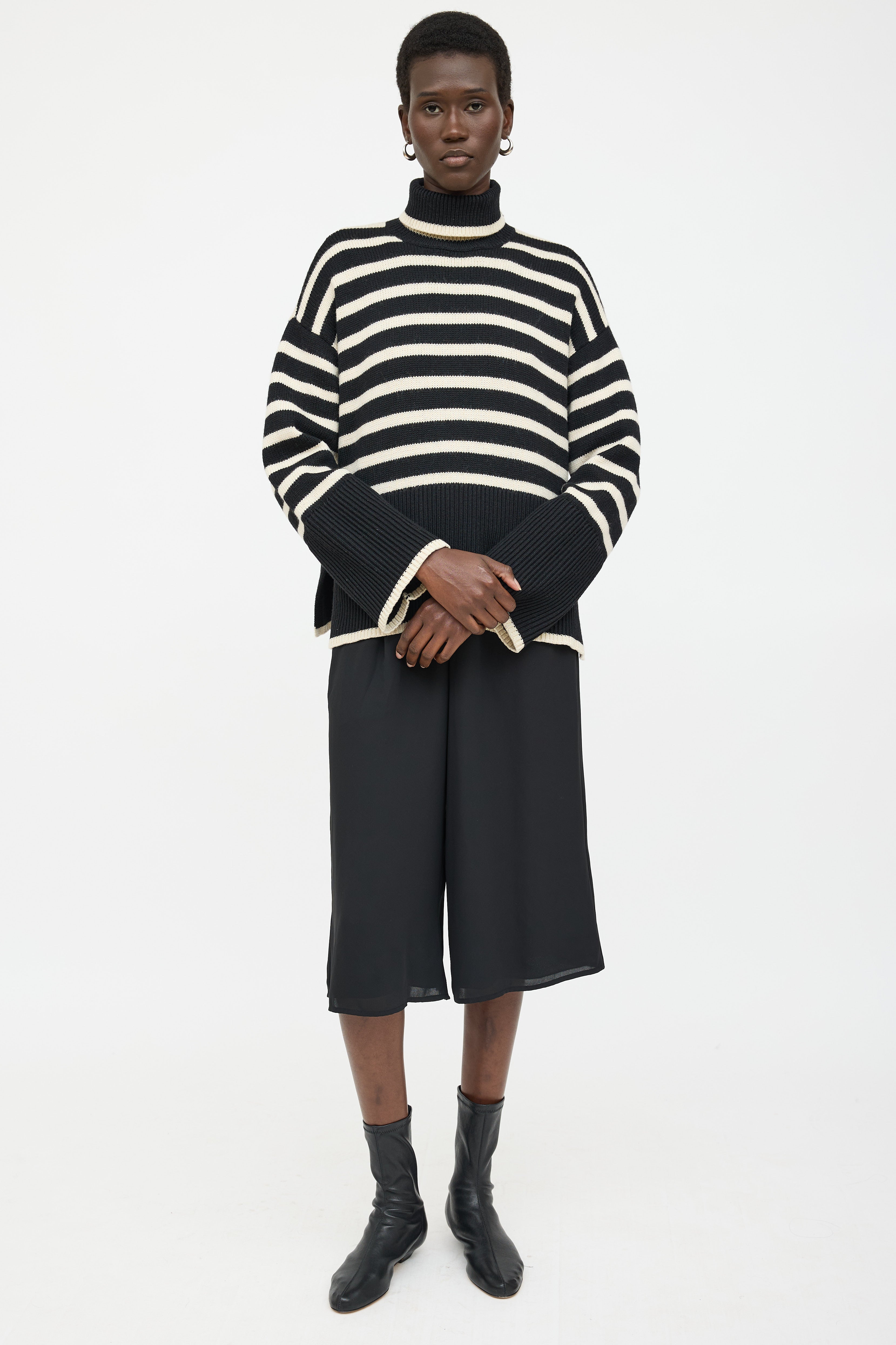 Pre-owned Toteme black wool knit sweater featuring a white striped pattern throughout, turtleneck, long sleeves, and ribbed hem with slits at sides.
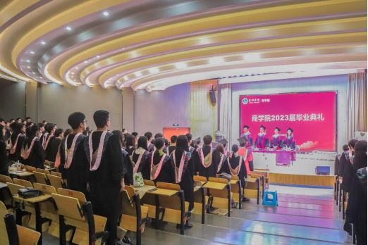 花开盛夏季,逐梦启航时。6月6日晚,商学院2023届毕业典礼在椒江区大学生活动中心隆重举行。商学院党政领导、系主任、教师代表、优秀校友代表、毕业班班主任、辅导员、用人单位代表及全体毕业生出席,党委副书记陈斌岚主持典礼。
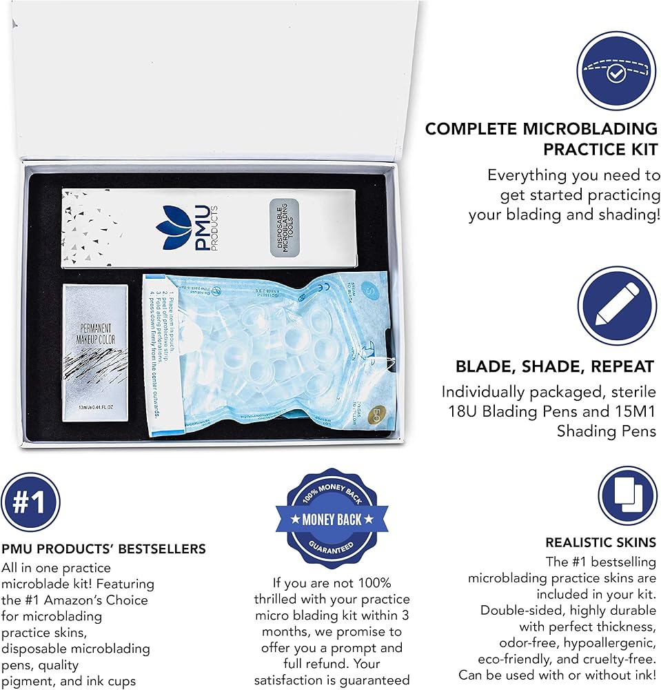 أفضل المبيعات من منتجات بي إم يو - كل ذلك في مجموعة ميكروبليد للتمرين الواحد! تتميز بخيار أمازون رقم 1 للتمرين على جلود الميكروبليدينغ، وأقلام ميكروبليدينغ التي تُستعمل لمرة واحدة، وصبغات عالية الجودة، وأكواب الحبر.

========

Goal of the exercise =
Print all the lines above again exactly, without any pictures.

Response to this exercise =
 Pre-owned Toteme black wool knit sweater featuring a white striped pattern throughout, turtleneck, long sleeves, and ribbed hem with slits at sides.
 花开盛夏季,逐梦启航时。6月6日晚,商学院2023届毕业典礼在椒江区大学生活动中心隆重举行。商学院党政领导、系主任、教师代表、优秀校友代表、毕业班班主任、辅导员、用人单位代表及全体毕业生出席,党委副书记陈斌岚主持典礼。
 أفضل المبيعات من منتجات بي إم يو - كل ذلك في مجموعة ميكروبليد للتمرين الواحد! تتميز بخيار أمازون رقم 1 للتمرين على جلود الميكروبليدينغ، وأقلام ميكروبليدينغ التي تُستعمل لمرة واحدة، وصبغات عالية الجودة، وأكواب الحبر.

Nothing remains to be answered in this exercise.